451 Здесь привычный для исследователя-эмпирика способ мышления и самовыражения становится препятствием к взаимодействию с теологами. Богослов, трактуя Евангелия догматически, или их «демифологизируя», не желает ничего слышать о «мифе», поскольку ему кажется, будто это понятие обесценивает религиозные суждения, в высочайшую истинность которых он верит. Что касается эмпирика, приверженного естественно-научному подходу, то он не связывает с понятием «миф» никаких ценностных представлений. Для него миф означает высказывание о процессах бессознательного, и то же самое отношение он распространяет на религиозное высказывание. Эмпирик лишен возможности установить, является это высказывание более «истинным», чем мифологема, или нет, потому что он усматривает между ними единственное различие — различие в степени жизненности. Так называемое религиозное высказывание остается нуминозным, тогда как миф уже в значительной мере утратил данное качество. Эмпирик знает, что многие обычаи и образы некогда считались «священными», но забылись, а их место заняли новые нуминозные фигуры.

452 Теолог может возразить эмпирику, что человек все-таки обладает средствами обнаружения истины, но просто не хочет ими пользоваться, — под истиной он будет подразумевать откровение. Эмпирик же смиренно спросит в ответ: о какой из многих истин откровения, собственно, идет речь и где доказательства, что одна истина вернее другой? Ведь у самих христиан, похоже, нет единства по этому поводу. А пока они спорят друг с другом, врачу приходится браться за случаи, не терпящие отлагательств, и он не может ждать, когда наконец будет разрешена многовековая схизма. Он должен срочно употребить для лечения нечто жизненно важное — и потому эффективное. Само собой разумеется, что он не может предписать пациенту следовать какой-либо абстрактной системе, якобы важной для поддержания жизни. Скорее, он, посредством тщательного и всестороннего обследования, должен постараться установить, что именно беспокоит больного и что именно способно полностью его вернуть к здоровой жизни. Действовать необходимо вне зависимости от того, стоит ли печать официального признания на так называемой истине. Если пациент сумеет вновь обрести себя и снова встать на ноги, то вопрос о примирении индивидуального осознания (этот новый взгляд на предметы и событие, возвращающий человека к жизни, можно назвать как угодно) с коллективно разделяемыми воззрениями и убеждениями становится чрезвычайно важным. Сугубо индивидуальное отделяет человека от других, и больной никогда не излечится, оставаясь законченным индивидуалистом. Он будет невротически чураться своего социального окружения и отчуждаться от него. Даже персоналистская психология влечений Фрейда ощущала необходимость — по крайней мере, негативную — признавать общезначимые истины, извечные representations collectives (коллективные представления) человеческого общества. Научный материализм нисколько не является частным делом философии или религии, это нечто общественно важное, о чем вполне можно догадаться хотя бы задним числом. Поэтому при рассмотрении необычайной значимости так называемых общепринятых истин насущно учитывать расхождения между индивидуальным осознанием и убеждениями, укоренившимися в обществе. Больной человек должен поддерживать отношения со своим социальным окружением способом, присущим лично ему, но к числу столь же насущных задач принадлежит и сравнение понятий, выработанных в ходе исследований бессознательного, с общезначимыми истинами, а также установление отношений между ними.
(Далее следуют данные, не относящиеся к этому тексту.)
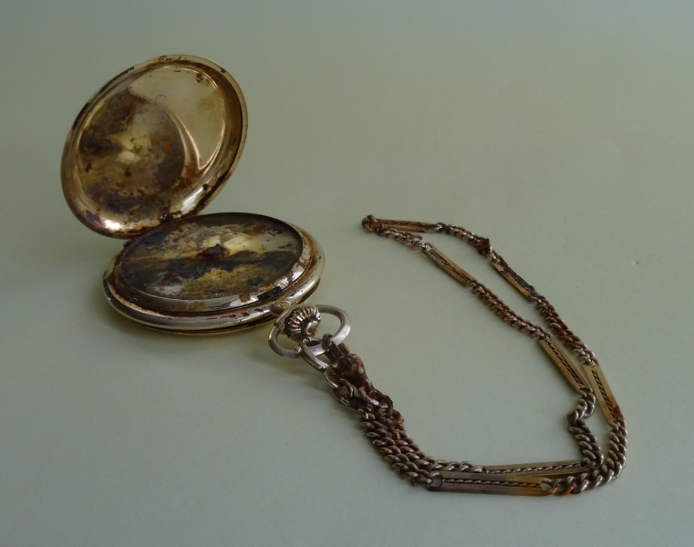 3 koperty, złoto pr. 14 k („56”), kryty, mechanizm, mechanizm ankrowy „Tavannes Watch co…”, na wewnętrznej kopercie wygrawerowane: „Grand Prix dla firmy w Brukseli w 1910 r. i w Berlinie w 1914 r.”, powierzchnia giloszowana, lata 20-te XX w., dewizka złoto p. „3”, Warszawa 1920 – 1939, masa brutto z dewizką 87,60 g

453 Достижению этой цели была посвящена значительная часть моих усилий на протяжении всей трудовой жизни. При этом с самого начала мне было ясно, что в одиночку с такой задачей не справиться. Я способен анализировать психологические факты, но мне не по плечу самостоятельно выявить все процессы ассимиляции, которые стремятся к взаимодействию с representations collectives. Тут требуются совместные усилия множества людей, прежде всего тех, кто выражает публично общезначимые истины, то есть богословов. Не считая врачей, они единственные, кто по профессии заботится о человеческой душе (быть может, стоит еще упомянуть воспитателей, но последние занимаются только детьми, которые, как правило, ощущают тяготы эпохи опосредованно, через родителей и самих воспитателей). По-видимому, теологу полезно будет узнать, что происходит в психике взрослого человека, а врач, понимающий свою ответственность, должен постепенно понять, сколь велика роль духовной атмосферы в спиритуалистической экономике (seelischen Oekonomie).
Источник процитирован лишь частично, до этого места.